In which case the number of query results is one.
(2) While the set of inline keywords for each article is unique, a subset of this set is not unique. For example: the current set of inline keywords of an article is { A, B, C, D, E }, which is unique among the set of inline keywords of the article, but the subset { A, C, D } of which is not unique, since this subset may also be a subset of the set of inline keywords of other articles.
For example, if the first keyword set input by the user is { a, C, D }, the articles corresponding to the first keyword set may be multiple, i.e., not point to a single article, i.e., the number of query results is multiple.
In summary, when the number of the query results corresponding to the first keyword set is not the first preset value, for example, is not one, the next group of keyword sets is determined, that is, the second keyword set is determined according to the first index information and the first corresponding relationship.
The first corresponding relation refers to the corresponding relation between the first index information and second index information corresponding to the second keyword set, the second index information is obtained according to indexes corresponding to all keywords in the second keyword set, and the calculation mode of the second index information is the same as that of the first index information.
The first correspondence may be represented, for example, by table 2 below:
TABLE 2
According to the first index information and the first corresponding relation, second index information corresponding to the first index information can be obtained, and then according to the second index information, a next group of keyword sets corresponding to the first keyword sets, namely a second keyword set, can be obtained.
For example, the set of keywords entered by the current user is a subset of the set of inline keywords of an article, and the next set of keyword sets, i.e., the second set of keywords, may contain keywords in the article that are not present in the set of keywords entered by the current user. For example, the following steps are carried out: if the set of inline keywords of the Article1 is { a, C, B, D } and the set of keywords currently entered by the user is { a, B }, then { C, D } may be included in the second set of keywords.
103, determining a target query result corresponding to the second keyword set according to the second keyword set and the second corresponding relation; the second correspondence includes: and the corresponding relation between the index information and the index value of the query result.
Specifically, the second correspondence is a correspondence between index information corresponding to the keyword set and an index value of the query result. For example as shown in table 3 below:
TABLE 3
If the unique query result cannot be determined according to the second keyword set, the scheme ofstep 102 and step 103 may be repeatedly executed to determine a next keyword set, and then query the articles corresponding to the next keyword set until the unique target article, that is, the unique target query result, is queried.
In one embodiment, determining the target query result may be implemented as follows:
determining an index value of a target query result corresponding to the second keyword set according to the second keyword set and the second corresponding relation;
and determining the target query result corresponding to the second keyword set according to the index value of the target query result corresponding to the second keyword set.
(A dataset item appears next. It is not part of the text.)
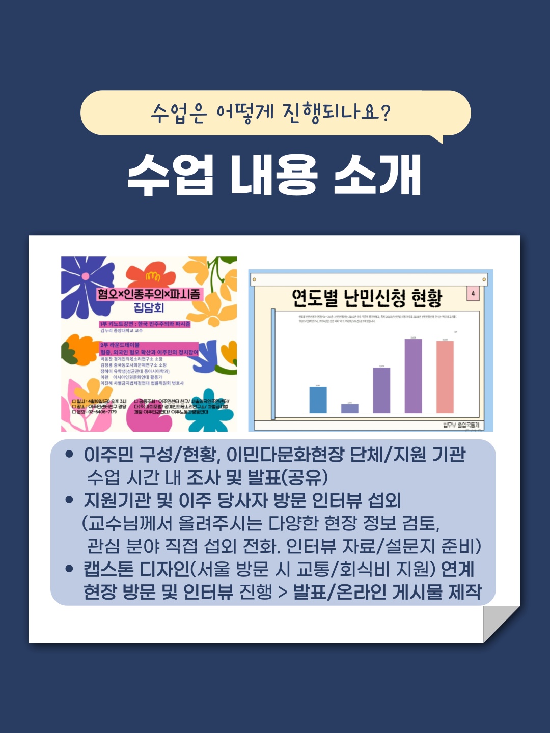 *2025년 1학기 전공선택 과목으로 개설된 <이민다문화현장세미나> 수업의 결과물입니다!
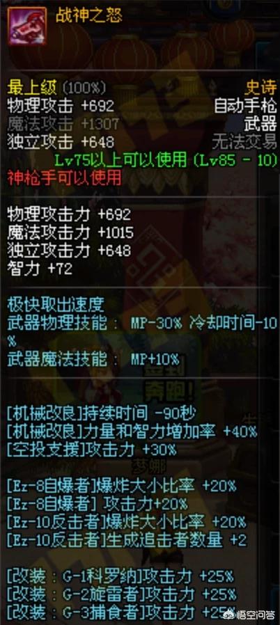 一款具备一套异界系列的武器战神之怒,属于女机械小毕业武器,不仅对机械改良技能的智力的增加率加成,而且同时对3G系列都有25%加成,这对主G系列的女机械来说属性加成非常强大。

For example, as shown in Table 4, each article corresponds to a unique index value.
TABLE 4
The query result has a one-to-one correspondence with the index value of the query result.
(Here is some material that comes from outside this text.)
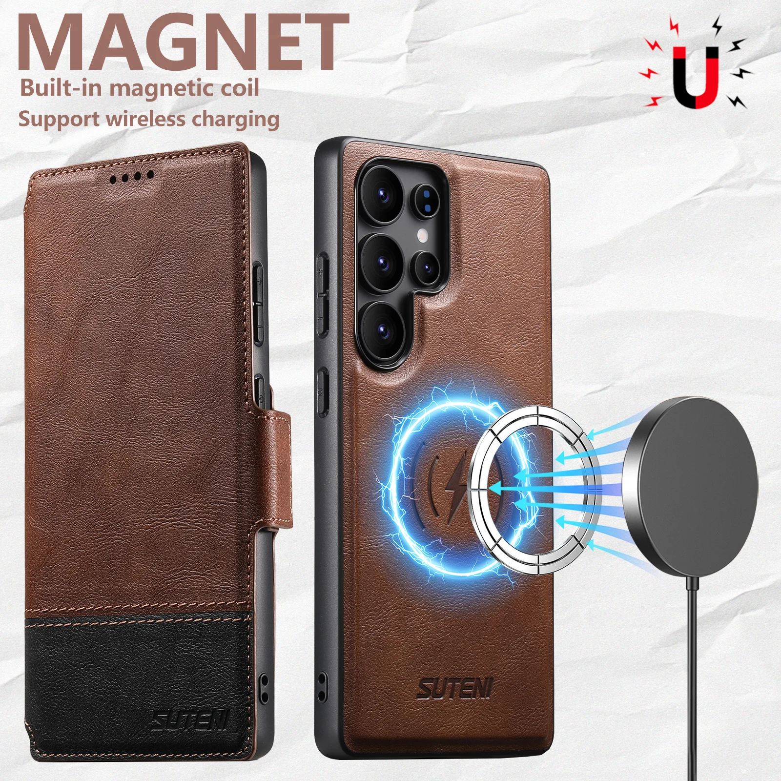 Magnetische PU-Leder Wallet Hülle mit Wireless Charging für Samsung Galaxy

That is, according to the second corresponding relationship, the index value of the query result corresponding to the keyword set can be determined, and then the target query result is obtained according to the index value.
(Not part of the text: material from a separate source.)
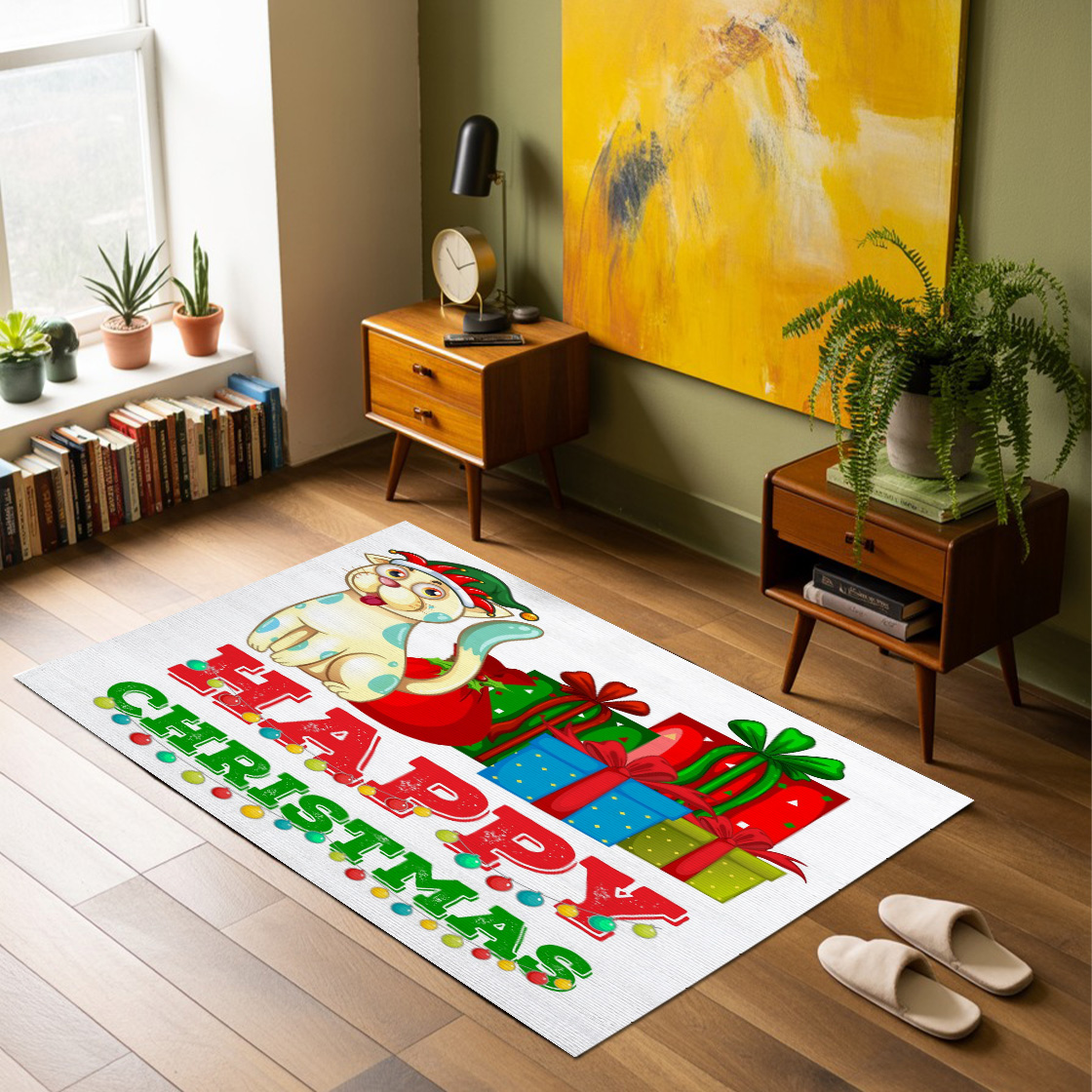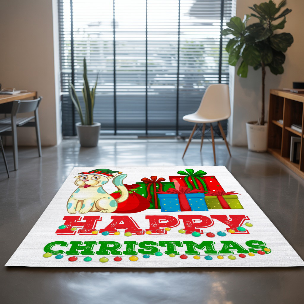 Christmas Theme With Cat And Christmas Presents Rug

The method comprises the steps of obtaining a first keyword set input by a user and first index information corresponding to the first keyword set, wherein the first index information is obtained according to indexes of keywords in the first keyword set; furthermore, since the corresponding relationship between the first index information and the second index information corresponding to the second keyword set is preset in advance, the second keyword set, that is, the next group of keyword sets, can be determined quickly according to the first index information and the first corresponding relationship; and the corresponding relation between the index information corresponding to the keyword set and the index value of the query result is preset, so that the target query result corresponding to the second keyword set can be quickly determined according to the second keyword set and the second corresponding relation, the query time is less, and the query efficiency is improved.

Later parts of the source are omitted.